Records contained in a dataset
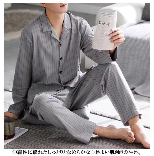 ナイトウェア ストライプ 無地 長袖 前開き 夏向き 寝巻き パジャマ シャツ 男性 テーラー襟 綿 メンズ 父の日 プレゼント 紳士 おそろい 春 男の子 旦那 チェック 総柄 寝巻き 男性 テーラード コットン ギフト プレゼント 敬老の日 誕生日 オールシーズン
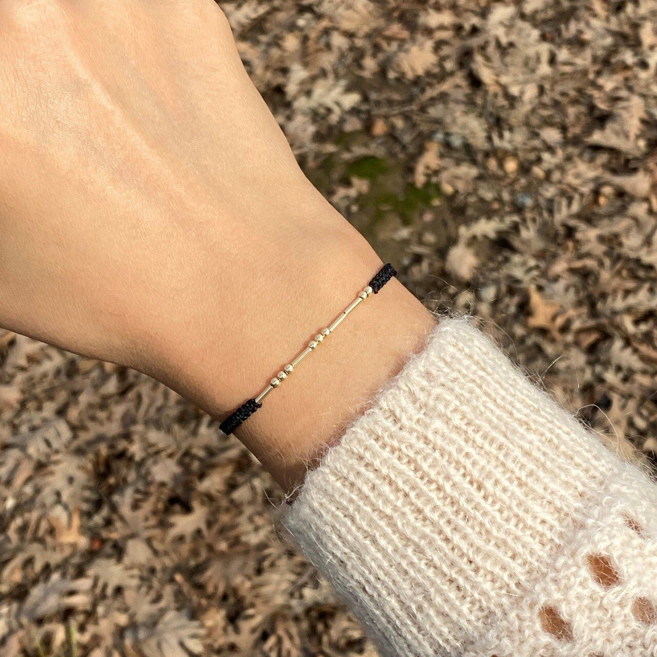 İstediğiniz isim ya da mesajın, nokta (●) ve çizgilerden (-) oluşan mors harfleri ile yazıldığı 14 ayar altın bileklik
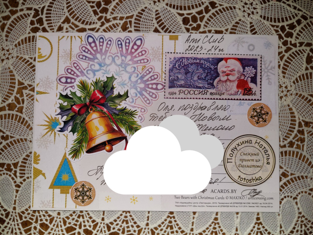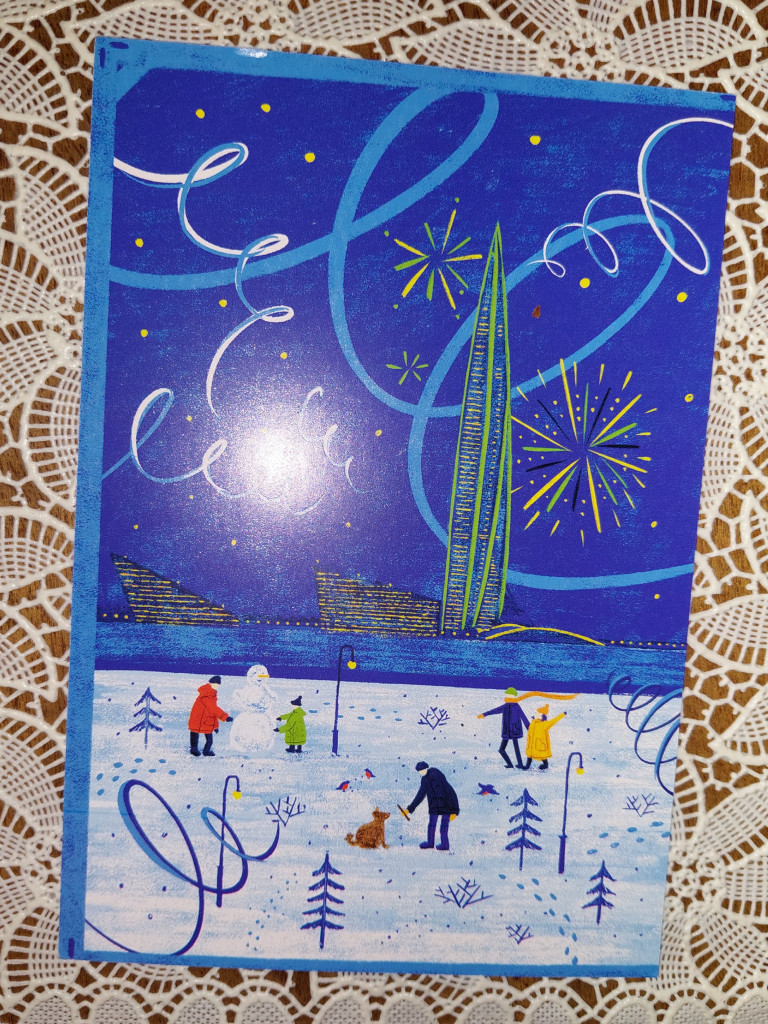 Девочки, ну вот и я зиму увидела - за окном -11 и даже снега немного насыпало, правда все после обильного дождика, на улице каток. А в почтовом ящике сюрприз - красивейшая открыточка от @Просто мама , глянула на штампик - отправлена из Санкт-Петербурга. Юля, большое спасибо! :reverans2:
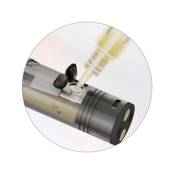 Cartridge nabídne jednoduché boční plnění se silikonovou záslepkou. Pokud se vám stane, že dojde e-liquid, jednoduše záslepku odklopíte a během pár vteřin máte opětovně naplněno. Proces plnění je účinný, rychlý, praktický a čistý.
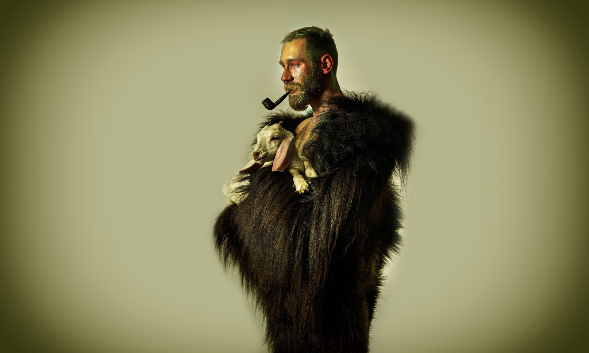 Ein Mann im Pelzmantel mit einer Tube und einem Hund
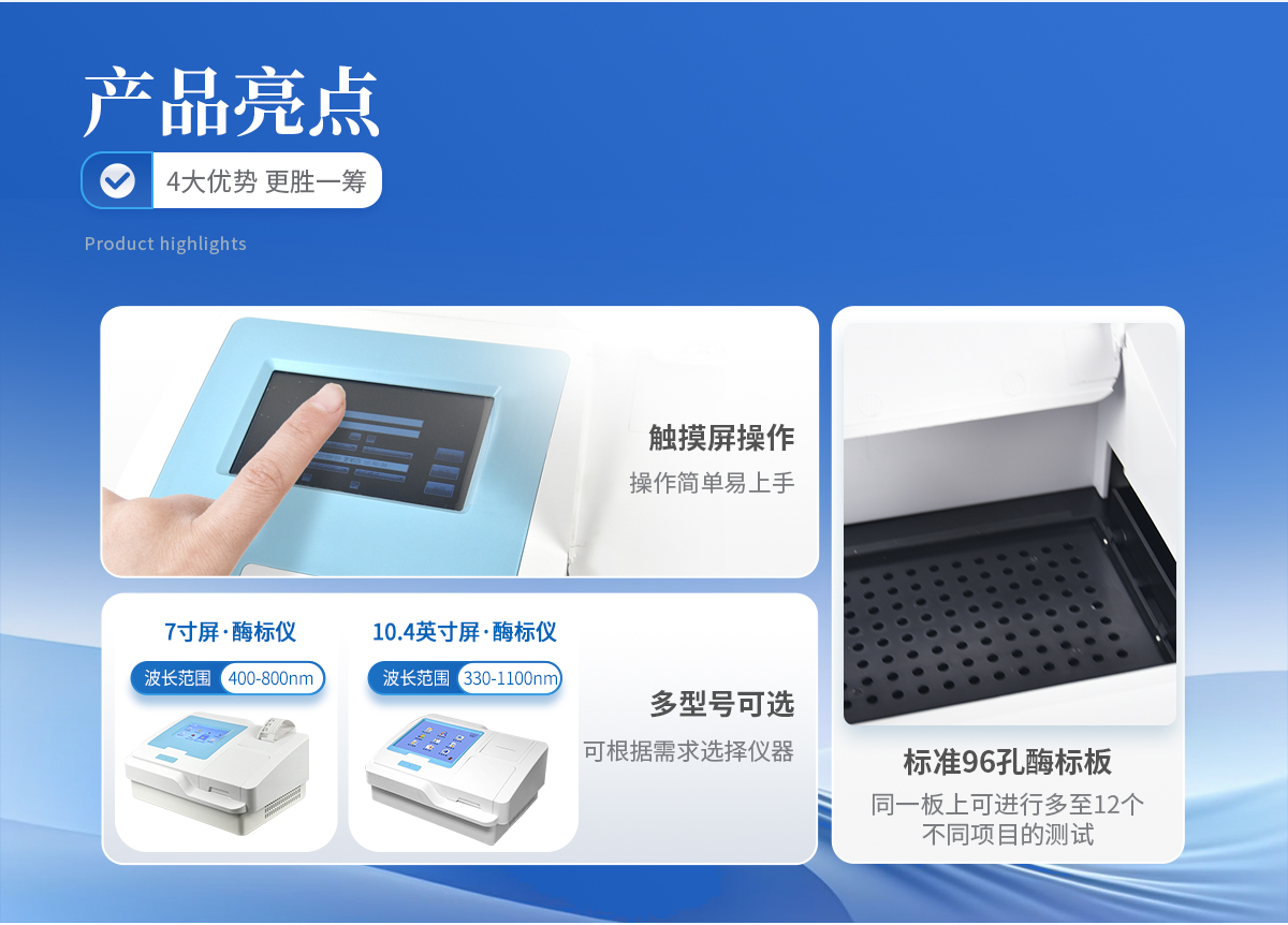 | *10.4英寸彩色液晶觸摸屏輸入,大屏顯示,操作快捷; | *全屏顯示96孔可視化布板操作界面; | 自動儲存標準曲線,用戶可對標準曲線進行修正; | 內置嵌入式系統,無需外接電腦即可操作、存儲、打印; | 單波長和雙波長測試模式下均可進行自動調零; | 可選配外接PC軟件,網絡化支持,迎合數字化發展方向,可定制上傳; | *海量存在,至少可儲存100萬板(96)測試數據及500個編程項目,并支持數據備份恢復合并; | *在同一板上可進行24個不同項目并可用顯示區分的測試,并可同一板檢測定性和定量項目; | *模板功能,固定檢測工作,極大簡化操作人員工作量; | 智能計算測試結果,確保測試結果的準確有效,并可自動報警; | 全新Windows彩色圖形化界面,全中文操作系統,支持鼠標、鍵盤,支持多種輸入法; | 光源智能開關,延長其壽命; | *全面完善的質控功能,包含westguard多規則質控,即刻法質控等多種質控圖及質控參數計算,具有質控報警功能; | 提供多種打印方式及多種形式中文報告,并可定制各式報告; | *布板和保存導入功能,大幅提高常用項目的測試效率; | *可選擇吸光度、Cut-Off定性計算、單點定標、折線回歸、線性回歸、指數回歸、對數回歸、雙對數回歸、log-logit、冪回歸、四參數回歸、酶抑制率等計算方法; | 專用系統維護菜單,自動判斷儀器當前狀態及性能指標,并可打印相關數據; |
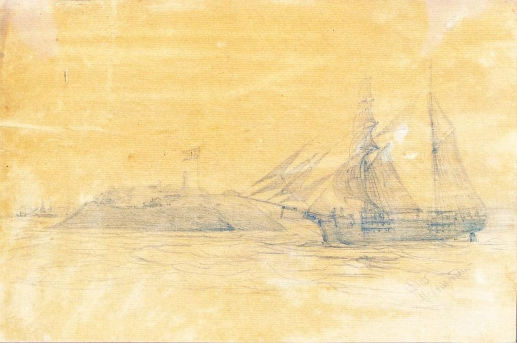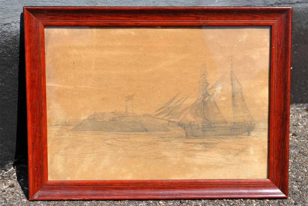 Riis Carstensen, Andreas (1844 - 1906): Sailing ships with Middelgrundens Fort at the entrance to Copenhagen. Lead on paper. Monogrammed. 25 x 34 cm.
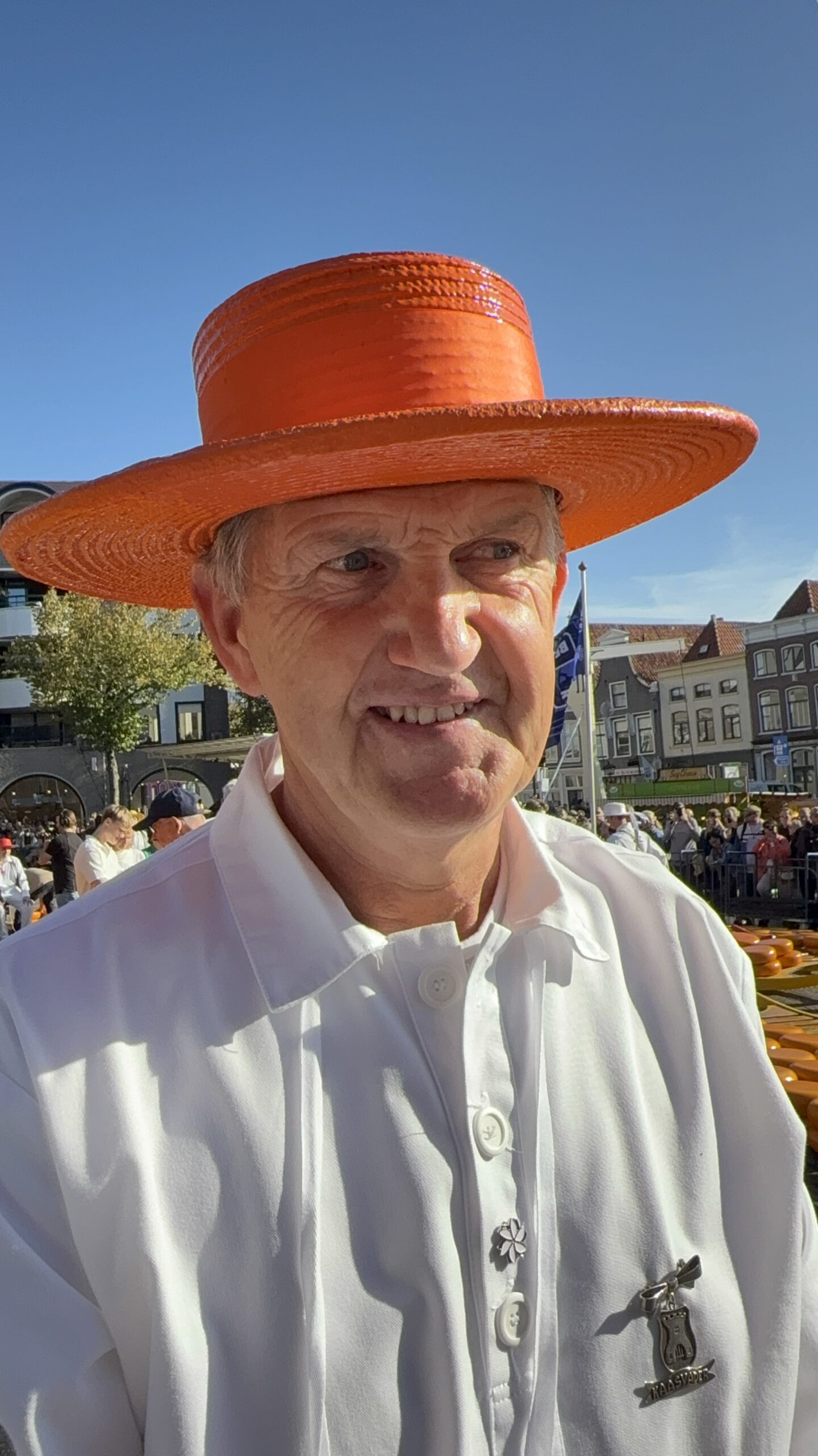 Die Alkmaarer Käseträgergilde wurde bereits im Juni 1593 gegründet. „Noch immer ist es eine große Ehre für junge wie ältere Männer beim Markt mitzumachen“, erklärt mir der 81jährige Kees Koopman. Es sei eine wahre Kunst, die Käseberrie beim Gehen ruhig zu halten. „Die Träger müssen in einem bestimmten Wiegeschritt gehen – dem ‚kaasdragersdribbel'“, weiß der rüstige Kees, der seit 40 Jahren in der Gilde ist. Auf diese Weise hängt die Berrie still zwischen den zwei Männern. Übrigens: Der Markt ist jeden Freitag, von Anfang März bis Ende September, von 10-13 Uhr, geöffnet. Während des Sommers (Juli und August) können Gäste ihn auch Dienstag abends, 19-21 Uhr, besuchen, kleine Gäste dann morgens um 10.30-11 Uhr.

Aim of the exercise —
The required output is every line from the one containing "Ein Mann im" through the last line of the records, inclusive, reproduced exactly and without pictures.

Response to this task —
 Ein Mann im Pelzmantel mit einer Tube und einem Hund
 | *10.4英寸彩色液晶觸摸屏輸入,大屏顯示,操作快捷; | *全屏顯示96孔可視化布板操作界面; | 自動儲存標準曲線,用戶可對標準曲線進行修正; | 內置嵌入式系統,無需外接電腦即可操作、存儲、打印; | 單波長和雙波長測試模式下均可進行自動調零; | 可選配外接PC軟件,網絡化支持,迎合數字化發展方向,可定制上傳; | *海量存在,至少可儲存100萬板(96)測試數據及500個編程項目,并支持數據備份恢復合并; | *在同一板上可進行24個不同項目并可用顯示區分的測試,并可同一板檢測定性和定量項目; | *模板功能,固定檢測工作,極大簡化操作人員工作量; | 智能計算測試結果,確保測試結果的準確有效,并可自動報警; | 全新Windows彩色圖形化界面,全中文操作系統,支持鼠標、鍵盤,支持多種輸入法; | 光源智能開關,延長其壽命; | *全面完善的質控功能,包含westguard多規則質控,即刻法質控等多種質控圖及質控參數計算,具有質控報警功能; | 提供多種打印方式及多種形式中文報告,并可定制各式報告; | *布板和保存導入功能,大幅提高常用項目的測試效率; | *可選擇吸光度、Cut-Off定性計算、單點定標、折線回歸、線性回歸、指數回歸、對數回歸、雙對數回歸、log-logit、冪回歸、四參數回歸、酶抑制率等計算方法; | 專用系統維護菜單,自動判斷儀器當前狀態及性能指標,并可打印相關數據; |
 Riis Carstensen, Andreas (1844 - 1906): Sailing ships with Middelgrundens Fort at the entrance to Copenhagen. Lead on paper. Monogrammed. 25 x 34 cm.
 Die Alkmaarer Käseträgergilde wurde bereits im Juni 1593 gegründet. „Noch immer ist es eine große Ehre für junge wie ältere Männer beim Markt mitzumachen“, erklärt mir der 81jährige Kees Koopman. Es sei eine wahre Kunst, die Käseberrie beim Gehen ruhig zu halten. „Die Träger müssen in einem bestimmten Wiegeschritt gehen – dem ‚kaasdragersdribbel'“, weiß der rüstige Kees, der seit 40 Jahren in der Gilde ist. Auf diese Weise hängt die Berrie still zwischen den zwei Männern. Übrigens: Der Markt ist jeden Freitag, von Anfang März bis Ende September, von 10-13 Uhr, geöffnet. Während des Sommers (Juli und August) können Gäste ihn auch Dienstag abends, 19-21 Uhr, besuchen, kleine Gäste dann morgens um 10.30-11 Uhr.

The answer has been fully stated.